Re: OutlinkExtractor, configure schema in regex

Posted by Markus Jelsma <ma...@openindex.io>.
I've modified the regular expression in OutlinkExtractor not to allow URI 
schema's other than http:// and i can confirm a significant increase in 
throughput. 

The previous parse/reduce took ages and had only ~600.000 random internet 
document to process. Another parse/reduce did it in less than half the time 
and had 33% more documents. Instead of countless exceptions this produces less 
than 10 for all documents.

Wouldn't it be a good idea to connect the various URL filters to Nutch' own 
outlink extractor?
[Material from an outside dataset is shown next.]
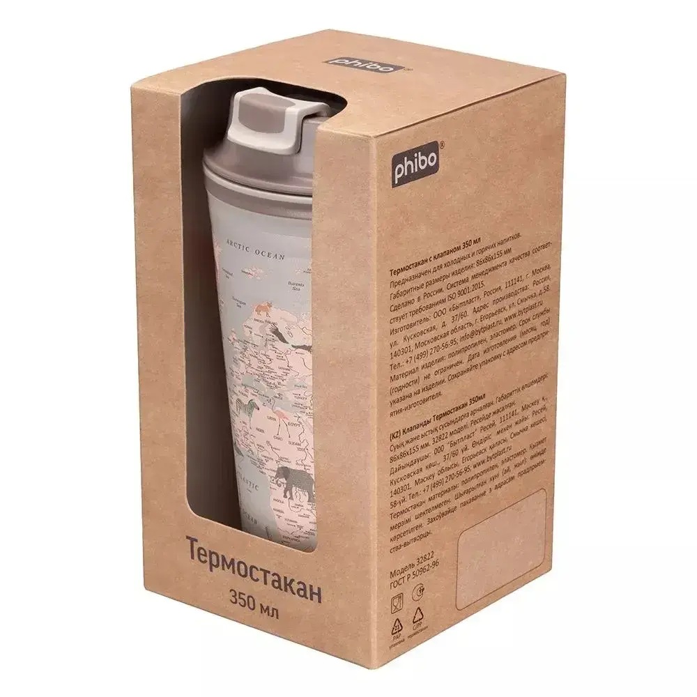Термостакан 'Карта мира' 350мл, с клапаном, цвет светло-бежевый

It shouldn't be hard to create a partial regex from some 
simple url filters. Since URL's extracted by the regex are still processed by 
filters and/or normalizers there would be a huge gain in throughput when we 1) 
simplify the regex and 2) stop unwanted URL's and 'URL's' at the gate.
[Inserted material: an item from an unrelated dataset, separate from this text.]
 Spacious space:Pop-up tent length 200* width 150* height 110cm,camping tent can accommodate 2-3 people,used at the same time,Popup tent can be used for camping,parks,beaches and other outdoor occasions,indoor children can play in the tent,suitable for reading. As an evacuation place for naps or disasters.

And how could crawler-commons be fitted in to the Nutch' outlink extractor or 
even Tika for HTML documents?

> Hi,
> 
> The reducer of a huge parse takes forever! It trips over numerous URL
> filter exceptions, mostly stuff like:
> 
> 2011-07-18 15:07:15,360 ERROR
> org.apache.nutch.urlfilter.domain.DomainURLFilter: Could not apply filter
> on url: Anlagen:AdresseAvans
> java.net.MalformedURLException: unknown protocol: anlagen
> 
> I suspect the issue is the OutlinkExtractor, being a bit to eager. How
> about making it a bit more configurable? This is now a real waste of
> CPU-cycles.
> 
> Thanks